Gordon Campbell on our unhealthy fixation with Gallipoli
At the post-Cabinet press conference last Monday, Prime Minister John Key had to field a range of official and personal questions from the press gallery about Anzac Day.
Had he ever been to Gallipoli? As a young man on his OE, had he wanted to? Would the Icelandic volcano prevent him
getting to Gallipoli this year? Would he be going to the Australian service? Would they be coming to ours? Would we be inviting them to ours? Etc etc.
What the line of questioning signaled – beyond the attempt to crank up a diplomatic incident out of whether our Anzac
mates are slighting us, on this most sacred of days – is that Anzac Day is becoming increasingly synonymous with
Gallipoli. Is that really such a good thing? In recent years, we have been told that the young are turning out in
increasing numbers for Dawn Service commemorations. What message – if any – are they taking away from what happened at
Gallipoli?
The reason the questions seem worth asking is that the fixation on Gallipoli – which, we are told, has immense
birth-of-national-identity significance for this country – may be obscuring all the other military efforts made by New
Zealanders down the decades. Some of those involvements (such as Vietnam, and the Falklands campaign) were highly
dubious. Lest we forget, the Gallipoli campaign was a military failure – both initially, and in the aftermath of Chunuk
Bair a few months later. It was a campaign marked by the usual WW1 combination of blunders by commanders, needless
sacrifice and bravery on both sides.
The carnage at Gallipoli pales into insignificance only by comparison with the death toll in the WW1 trenches of France
and Belgium.

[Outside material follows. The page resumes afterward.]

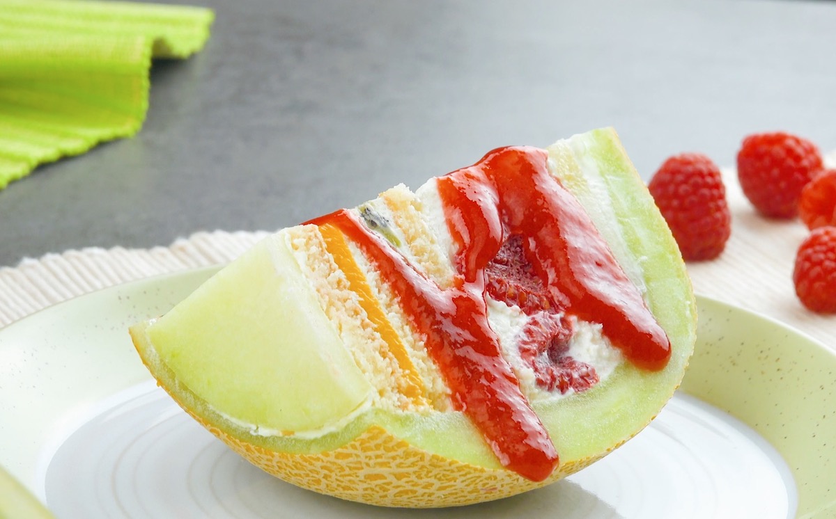 Dieses köstliche Obst lässt sich übrigens nicht nur in Stücke geschnitten oder direkt aus der Schale verspeisen, sondern schmeckt auch in diversen Variationen. Wir präsentieren dir heute ein Rezept, in dem eine handelsübliche Netzmelone mit Biskuit, Creme und diversen Früchten gefüllt wird:
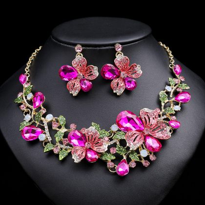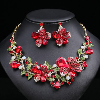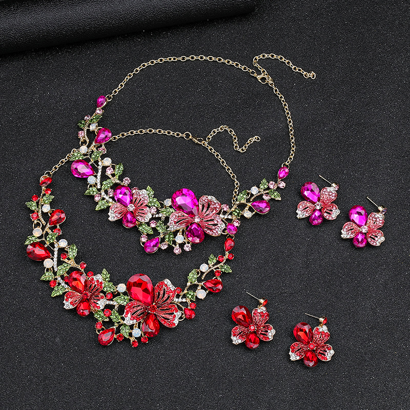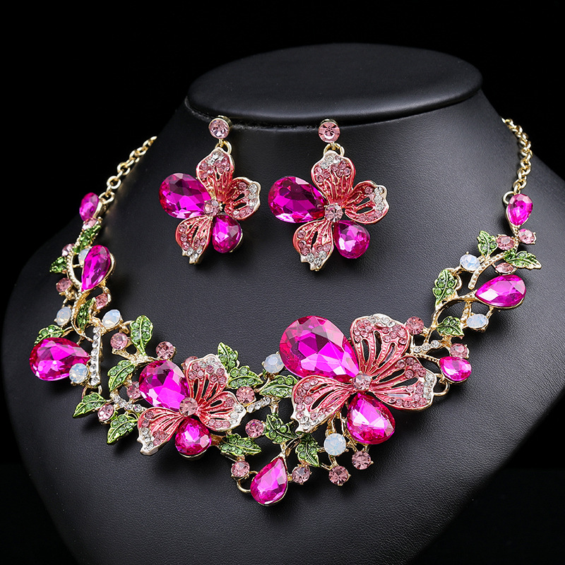 Factory wholesale European and American necklace earrings two-piece color flower bride retro high design sense multi-color optional

The Anzac spirit may have been forged at Gallipoli and a sense of nationhood thereby created out in the
colonies. Both these things would have evolved anyway, without the body count. Even so, the reason why New Zealanders
and Australians were fighting the Turks at Gallipoli in the first place – and thereby experiencing this alleged blood
awakening to nationhood – was because they had answered the call of Empire.
Therefore on Anzac Day, shouldn’t we be celebrating the sacrifices made at Gallipoli with a reasonable helping of
historical anger at the mentality of the colonized – a mentality that delivered so many young New Zealanders up as
cannon fodder to a series of inept British commanders? Drive around this country and you can see the toll written on all
the war memorials in our provincial towns and hamlets. No doubt, many New Zealand soldiers marched bravely into the
slaughterhouse during WW1. Yet the lasting message of Gallipoli should surely be that such sacrifices must not be made
out of blind obedience to our political and military leaders – here or elsewhere, then or now.
Bravery is to be admired in whatever circumstances. Yet if we are to celebrate those who made such sacrifices in the
defence of this country, I’m not sure WW1 is the best war to remember, ahead of all others – because it was so clearly
the product of Great Power designs and machinations. WW2 on the other hand, was a far more justifiable conflict, in that
it was largely a response to an attack by forces that were demonstrably evil, and intent on our destruction.
More to the point, WW2 was also a conflict that offers New Zealand a very good example – the two battles at El Alamein
in 1942 – where our forces played a major role in first stopping the Nazi war machine in North Africa in its tracks, and
then sending it in headlong retreat. “It may almost be said,” Churchill later wrote, "Before Alamein we never had a
victory. After Alamein we never had a defeat." North Africa was also one of the few military theatres in WW2 where the
German commander (Erwin Rommel) enjoyed the personal respect of his opponents.
So… enough of the Gallipoli fetish. Surely, we can commemorate those who served, without being required by a bogus
patriotism to suspend critical judgment altogether. It really would be a disaster if New Zealanders came to treat Anzac
Day as an occasion to honour unquestioning obedience to authority, and to extol personal sacrifice, per se. Lets leave
that kind of ceremony to the Aztecs.
In El Alamein we have a useful example – a victory even – worth commemorating. Namely, that it is sometimes necessary to
take up arms in defence against evil, but that an enemy such as Rommel need not be de-humanised in the process. I know,
that is the same message that New Zealanders and Turks have come to embrace at Gallipoli commemorations as well. The
trouble is, the Anzac Day fixation on Gallipoli has inadvertedly put every other theatre of war in which New Zealanders
have been involved in the shade. War risks being sentimentalized and glorified, in the rush to sanctify Anzac Cove.
These comments are not meant to disrespect. Those who died or who were wounded (in various ways) while at war with the
Nazis in particular, deserve our gratitude. But we also owe it to them to be clear about when such sacrifices were
needless in the past, and when they would be unnecessary in future.